WORK TASK ::
Please transcribe the listing that follows exactly; images are to be excluded.

STORED DATA ::
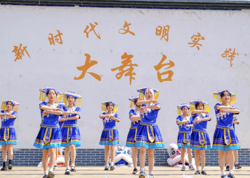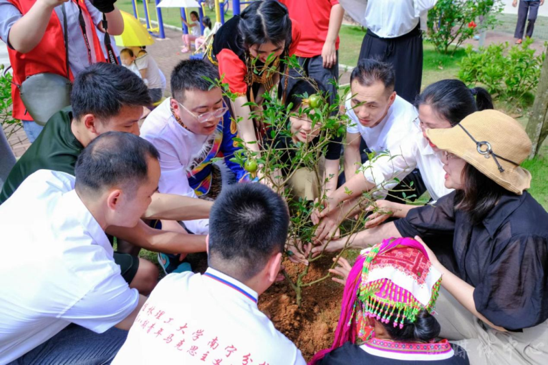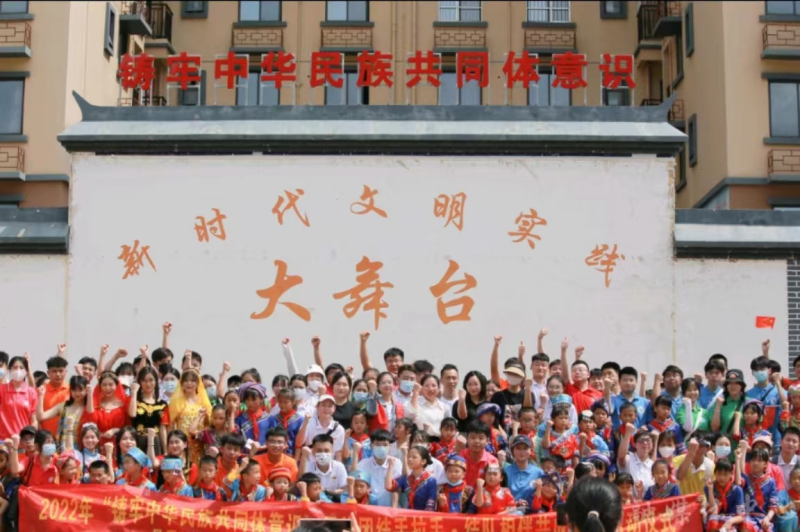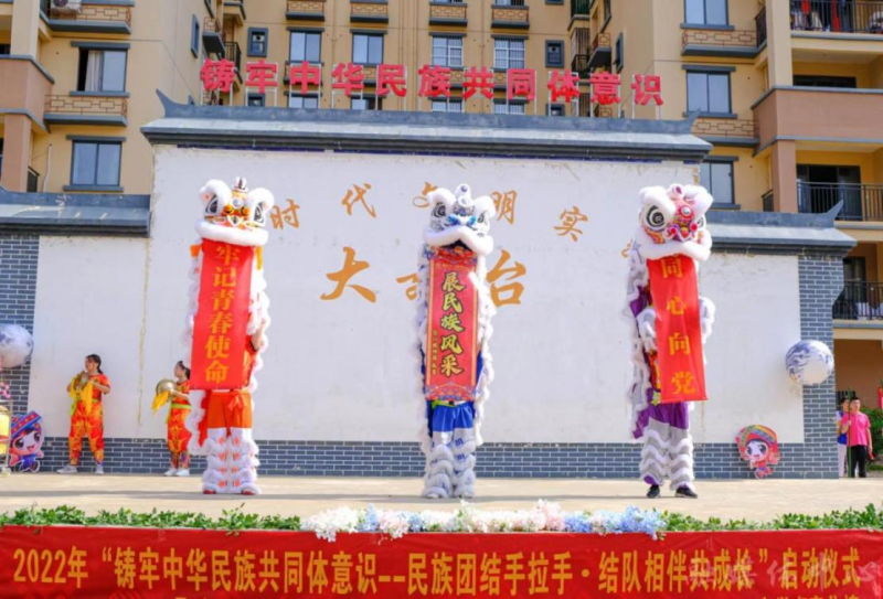 活动在民族传统技艺舞狮子中拉开帷幕。精彩的民族舞蹈节目串烧表演,赢得在场人员阵阵欢呼;民族趣味互动小游戏以一对一地进行交换卡片和小礼物拉近彼此间的距离;在同印一幅中国地图画中,来自新疆、内蒙的大学生代表等与结队少先队员纷纷按上自己的手印,讲述爱家乡的故事;来自维吾尔族、蒙古族、瑶族、壮族、仫佬族等高校老师、大学生、团县委同志与安置点苗族、壮族等小朋友一起种下石榴树,同心共筑中国梦;活动在同唱《爱我中华》中达到高潮。
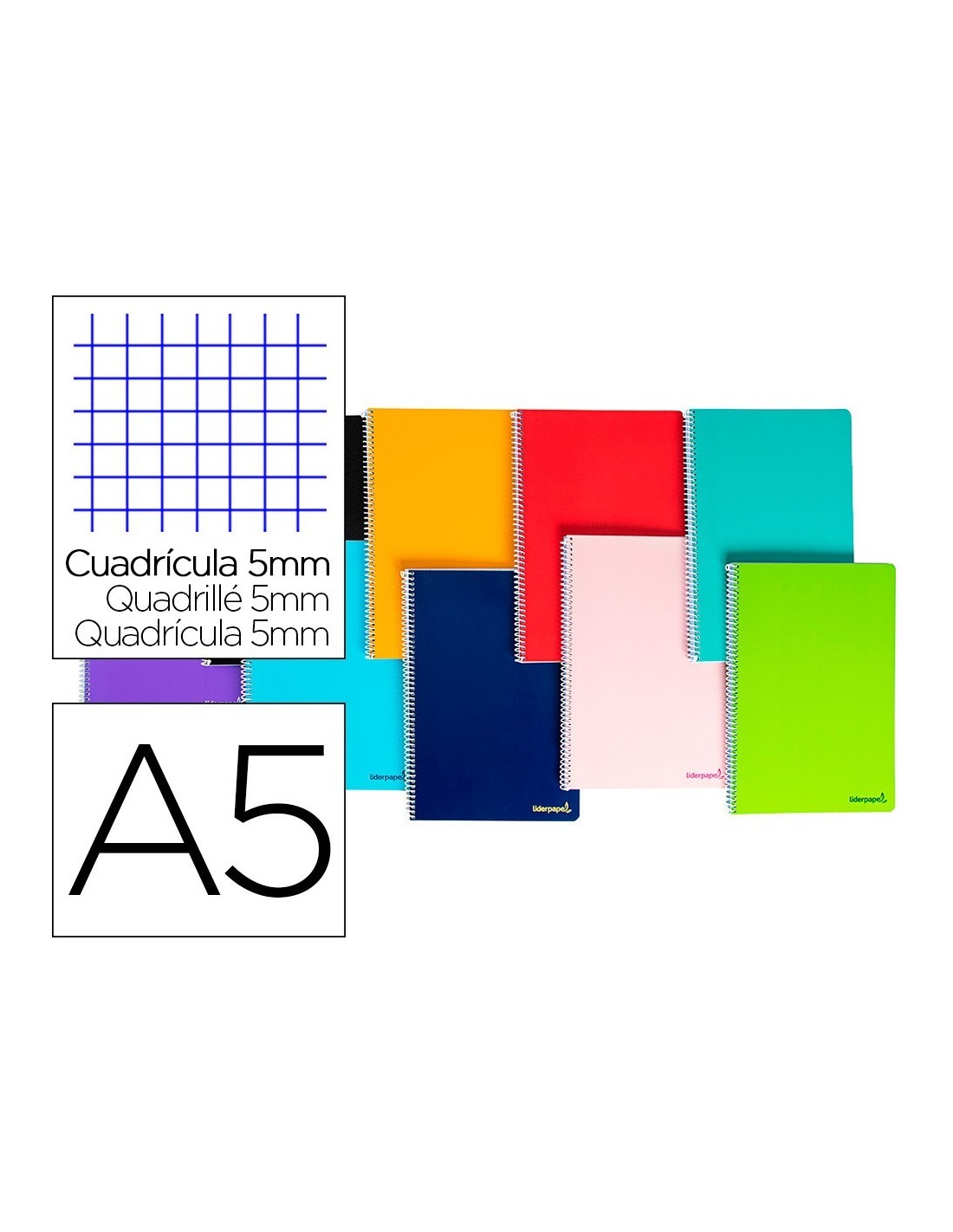 CUADERNO ESPIRAL LIDERPAPEL A5 MICRO SMART TAPA BLANDA 80H60GR CUADRO 5MM 6 TALADROS COLORES SURTIDOS
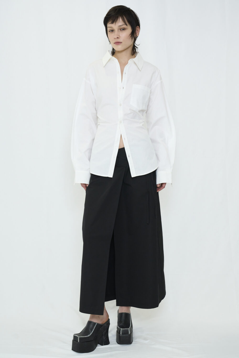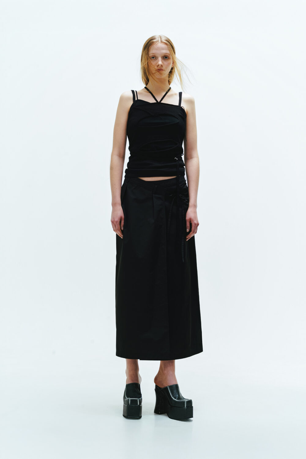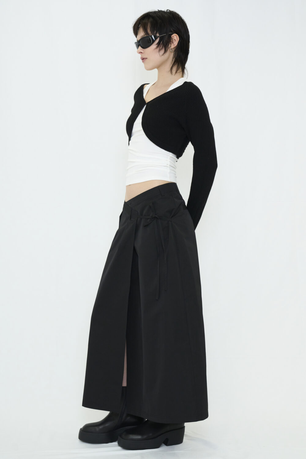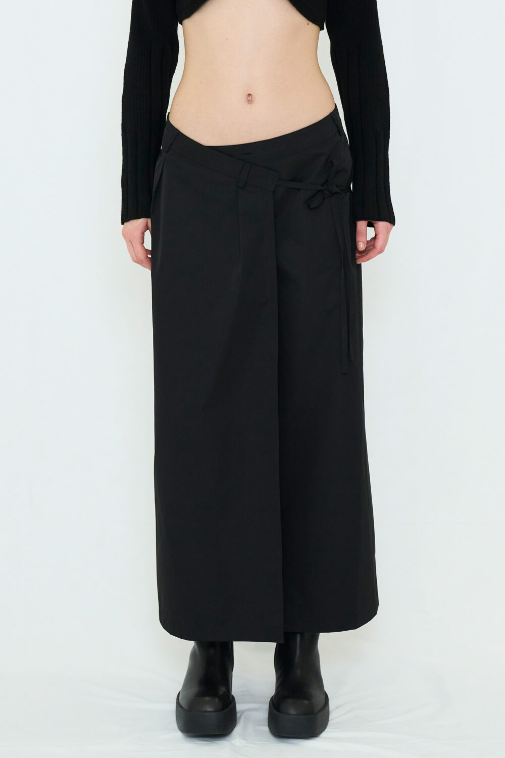 ラップ仕様でフィット感が自在なロングスカート。特徴的なウエストデザインが目を引き、ローライズでもハイウエストでも楽しめます。 ナイロンライクな素材が程よくスポーティな要素を加え、レディになりすぎない絶妙なバランスに。
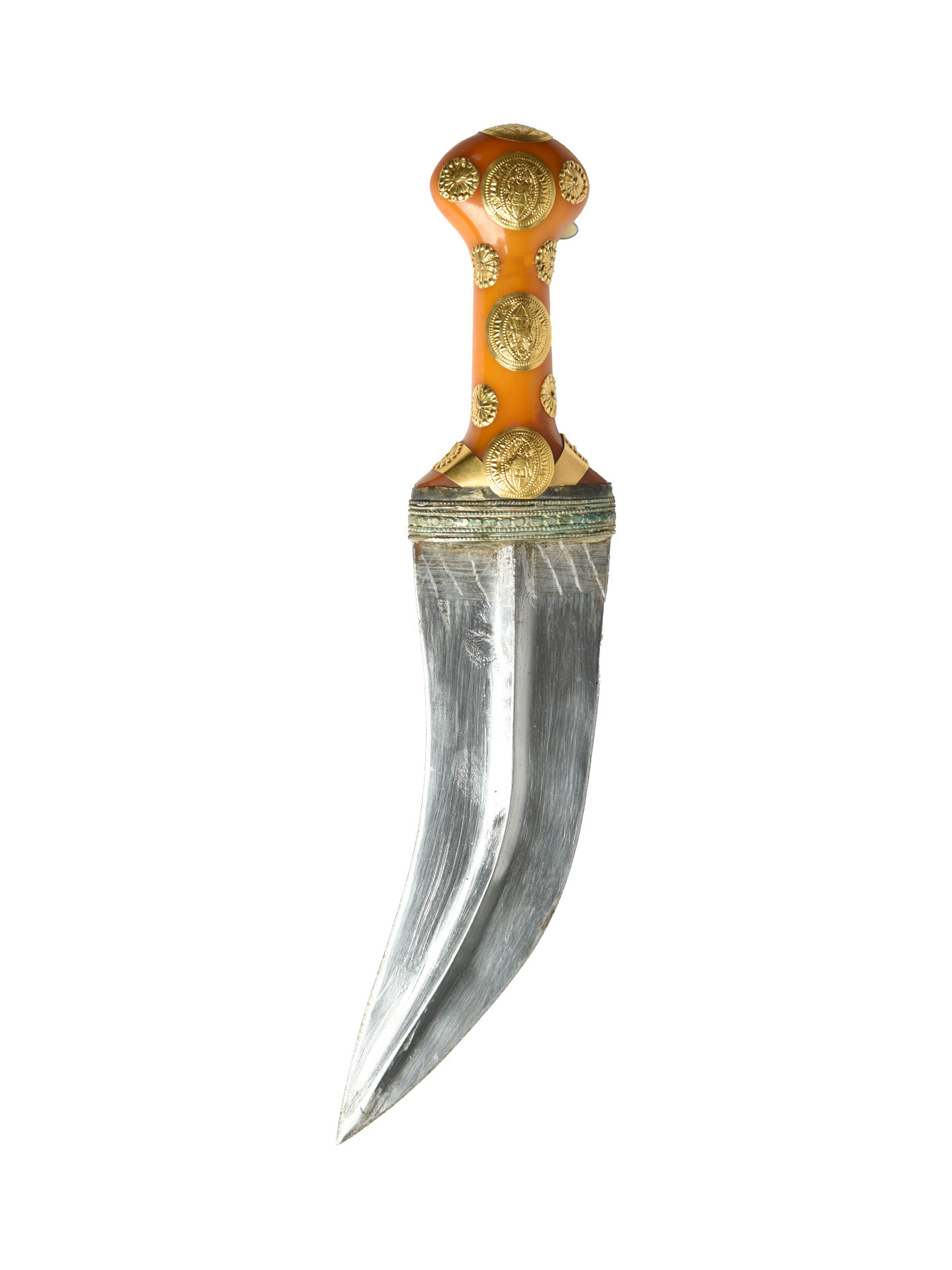 A Yemeni dagger (jambiya), broad curved blade 7 in. with medial ridge, hilt of faux amber set with gold ornaments including discs representing Byzantine coins, leather scabbard with tooled decoration.

ANSWER FOR THE TASK ::
 活动在民族传统技艺舞狮子中拉开帷幕。精彩的民族舞蹈节目串烧表演,赢得在场人员阵阵欢呼;民族趣味互动小游戏以一对一地进行交换卡片和小礼物拉近彼此间的距离;在同印一幅中国地图画中,来自新疆、内蒙的大学生代表等与结队少先队员纷纷按上自己的手印,讲述爱家乡的故事;来自维吾尔族、蒙古族、瑶族、壮族、仫佬族等高校老师、大学生、团县委同志与安置点苗族、壮族等小朋友一起种下石榴树,同心共筑中国梦;活动在同唱《爱我中华》中达到高潮。
 CUADERNO ESPIRAL LIDERPAPEL A5 MICRO SMART TAPA BLANDA 80H60GR CUADRO 5MM 6 TALADROS COLORES SURTIDOS
 ラップ仕様でフィット感が自在なロングスカート。特徴的なウエストデザインが目を引き、ローライズでもハイウエストでも楽しめます。 ナイロンライクな素材が程よくスポーティな要素を加え、レディになりすぎない絶妙なバランスに。
 A Yemeni dagger (jambiya), broad curved blade 7 in. with medial ridge, hilt of faux amber set with gold ornaments including discs representing Byzantine coins, leather scabbard with tooled decoration.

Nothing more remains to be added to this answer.